IS: Yes, yes, Bernard Knox. He was really a very good man, distinguished. But now it is also under another distinguished scholar, Gregory Nagy. Do you know why? – because he brings something new to the study of Greek poetry, because he is a trained linguist. I mean linguist in the strict sense of the science of linguistics, and he is abreast of all of the breakthroughs in the discipline of linguistics, so he’s applying all this to the study of Greek classical poetry. And he’s married to a lady who’s an Iranist, Holly. She is also a very good scholar in Iranian studies; she wrote on the epic of the Persians, the Shāhnāmé.

So, Greg is a distinguished director, and I think he justifies that the center deals with classical Hellenism, although I hope that he will pay some attention to the Hellenistic period, because it is the child of classical Hellenism, after the torch of Hellenism was carried by Alexander.

As I told you, I have a great love for Alexander, because I did him as a special subject in Oxford, and I always read Arrian, his inspiring history of Alexander, in my study of Christian theology and its relations to the Koran. Few people realize that Alexander contributed one of the most important words for Christian theology, and no one I think has mentioned this: the word logos! You know, the word logos which appears in not the Synoptic Gospel, but the Gospel of St. John; we owe to Alexander. If Greek had not spread, the word logos would not have been at the disposal of Christian theologians for dealing with the mystery of the incarnation and the mystery of Christ’s being the logos. When you translate it into English as “the word,” it loses its meaning, it doesn’t mean “the word,” it means both “word” and “reason” only in Greek, and when you translate it into Arabic as kalimah, it spreads theological confusion.

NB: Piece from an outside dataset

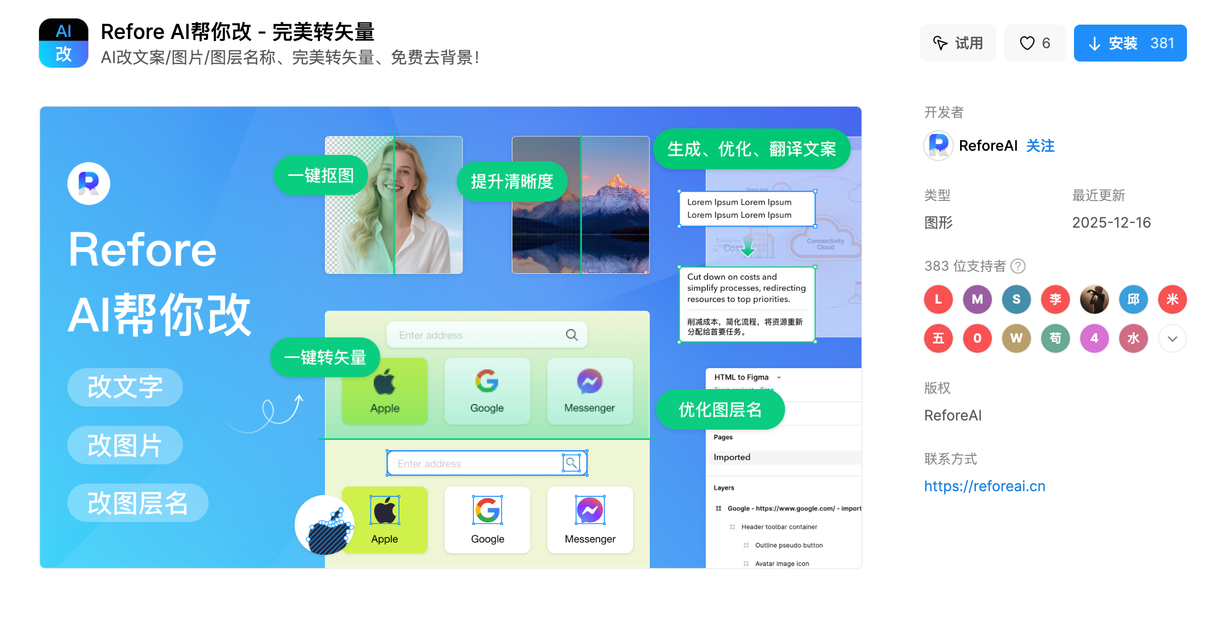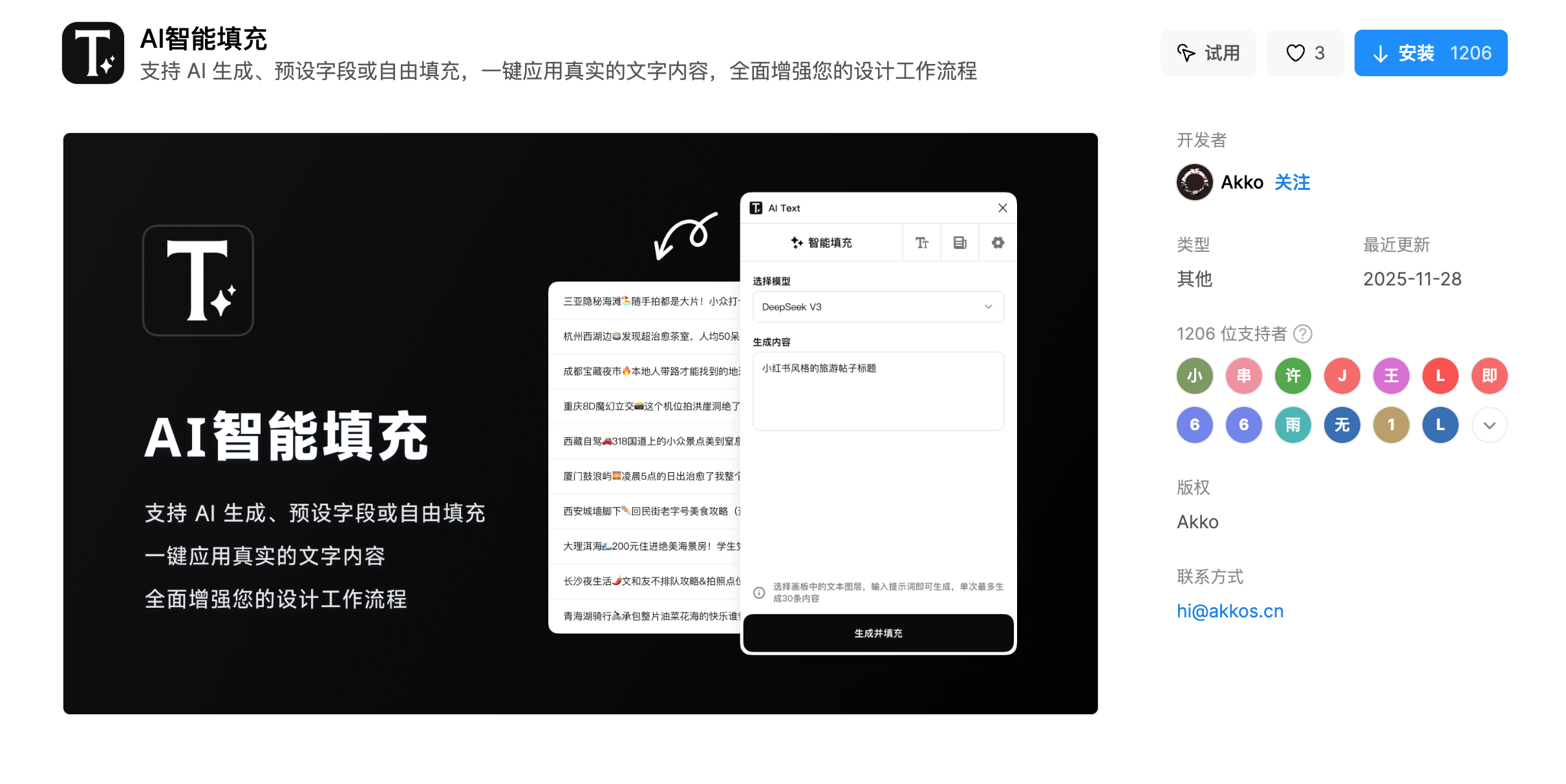 说到AI,即时设计也紧跟趋势。它的AI智能填充插件特别好用——你可以用AI生成文案、自动填充内容,甚至让AI帮你优化设计稿。

CW: We should take a break, because the tape is about to run out.

IS: Yes, we are about finished now. I have been thinking of answering two problems about Alexander: the question of the brotherhood of man. I have no doubt that the old controversy between Professor Tarn and Professor Badian, our distinguished scholar, whether Alexander wanted the brotherhood to be between the Persians and the Greeks or whether he wanted a universal brotherhood. I had delivered a Mellon lecture called “Mohammed and Alexander” thinking that Badian was correct. Now after so many years, I have come to the conclusion that Tarn is correct and I will deliver a lecture on the brotherhood of man as conceived by Alexander by bringing several new points not mentioned before in this controversy.

The other problem is Alexander’s sexual orientation. Many people have thought that Alexander was homosexual. I don’t think so. I have now so many new points which have never been brought even by Mr. Cartledge, the Cambridge historian who wrote so well on Alexander; there are so many elements which I think support the view that his sexual orientation was heterosexual.

Well, thank you for having me, and I enjoyed it. I think that my six volumes, which will soon be seven, and my three volumes published by Byzantion, I owe to Dumbarton Oaks and to Mrs. Bliss and Mr. Bliss. Dumbarton Oaks’s self-image has been “the most civilized square mile in America,” and I truly believe in that. Thank you for having me reminiscing on it. “Poetry is emotion recollected in tranquility,” as Wordsworth said.

CW: Thank you.

ABF: Thank you very much. You answered all our questions.